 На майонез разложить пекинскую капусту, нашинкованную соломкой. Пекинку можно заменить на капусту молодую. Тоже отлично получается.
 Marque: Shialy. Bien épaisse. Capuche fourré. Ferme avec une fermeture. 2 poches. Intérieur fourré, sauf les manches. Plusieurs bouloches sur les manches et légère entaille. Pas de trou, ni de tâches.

==

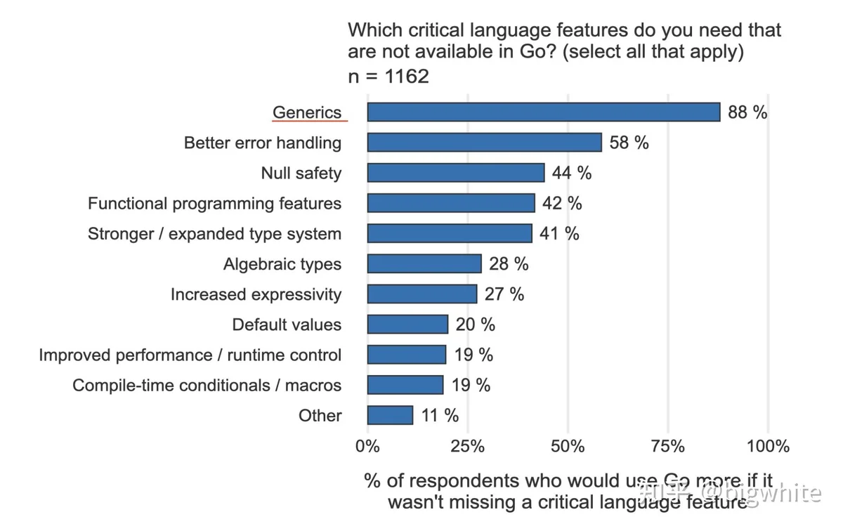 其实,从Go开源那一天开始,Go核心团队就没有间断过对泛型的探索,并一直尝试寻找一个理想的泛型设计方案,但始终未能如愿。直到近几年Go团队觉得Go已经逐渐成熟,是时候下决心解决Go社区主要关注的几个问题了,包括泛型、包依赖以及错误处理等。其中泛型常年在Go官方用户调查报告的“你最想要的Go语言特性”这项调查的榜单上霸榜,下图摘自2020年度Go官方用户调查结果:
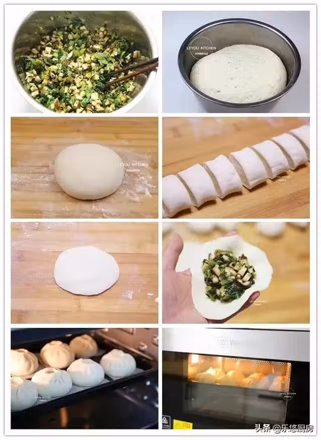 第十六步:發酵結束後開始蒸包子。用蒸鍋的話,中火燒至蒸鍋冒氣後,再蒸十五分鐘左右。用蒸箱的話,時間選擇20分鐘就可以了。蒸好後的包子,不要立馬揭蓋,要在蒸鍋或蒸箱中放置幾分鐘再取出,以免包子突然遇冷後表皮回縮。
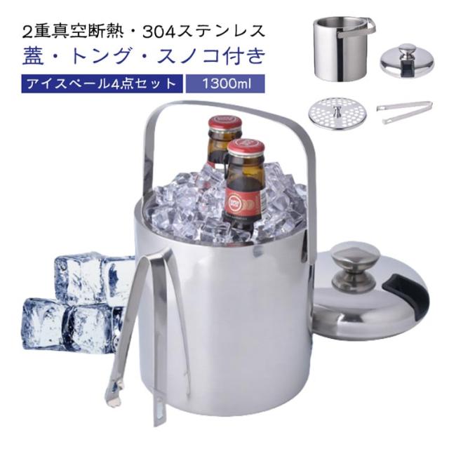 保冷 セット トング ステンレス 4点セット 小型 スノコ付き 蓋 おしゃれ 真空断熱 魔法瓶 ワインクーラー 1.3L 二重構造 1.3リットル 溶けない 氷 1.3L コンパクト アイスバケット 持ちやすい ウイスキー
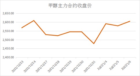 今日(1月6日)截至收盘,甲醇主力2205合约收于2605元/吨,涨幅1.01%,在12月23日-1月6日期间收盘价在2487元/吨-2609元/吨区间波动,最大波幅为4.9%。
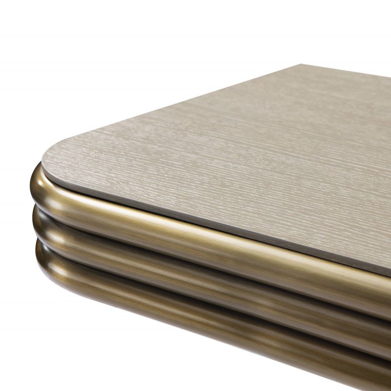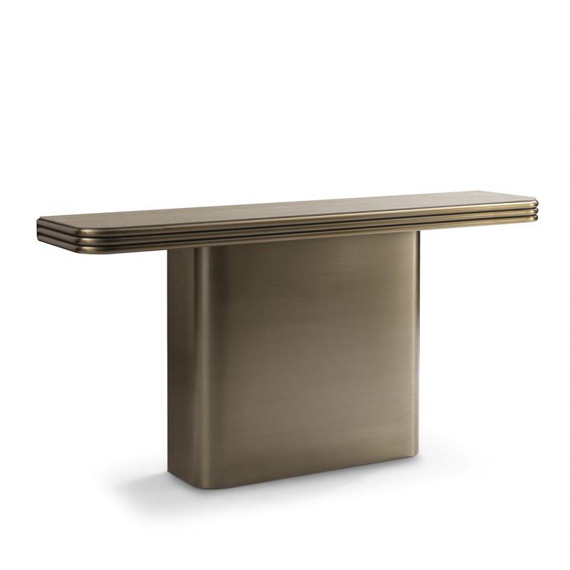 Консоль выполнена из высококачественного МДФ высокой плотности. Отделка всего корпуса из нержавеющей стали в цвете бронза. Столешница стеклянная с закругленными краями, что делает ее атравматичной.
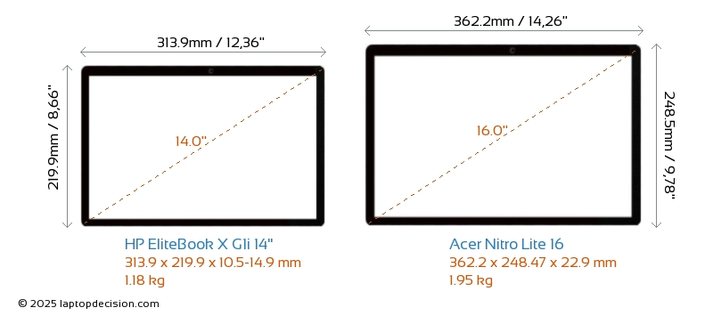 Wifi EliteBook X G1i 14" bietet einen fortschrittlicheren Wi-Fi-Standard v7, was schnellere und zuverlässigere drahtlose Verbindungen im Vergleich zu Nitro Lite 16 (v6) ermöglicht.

...

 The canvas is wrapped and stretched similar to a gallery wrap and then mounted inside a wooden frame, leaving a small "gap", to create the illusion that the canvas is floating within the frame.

• **ASSIGNMENT**: Looking at the data above, write out exactly the lines that start at the one containing "На майонез разложить" and end at the one containing "Marque: Shialy. Bien"; include both and nothing beyond.

• **ANSWER TO THE EXERCISE**:
 На майонез разложить пекинскую капусту, нашинкованную соломкой. Пекинку можно заменить на капусту молодую. Тоже отлично получается.
 Marque: Shialy. Bien épaisse. Capuche fourré. Ferme avec une fermeture. 2 poches. Intérieur fourré, sauf les manches. Plusieurs bouloches sur les manches et légère entaille. Pas de trou, ni de tâches.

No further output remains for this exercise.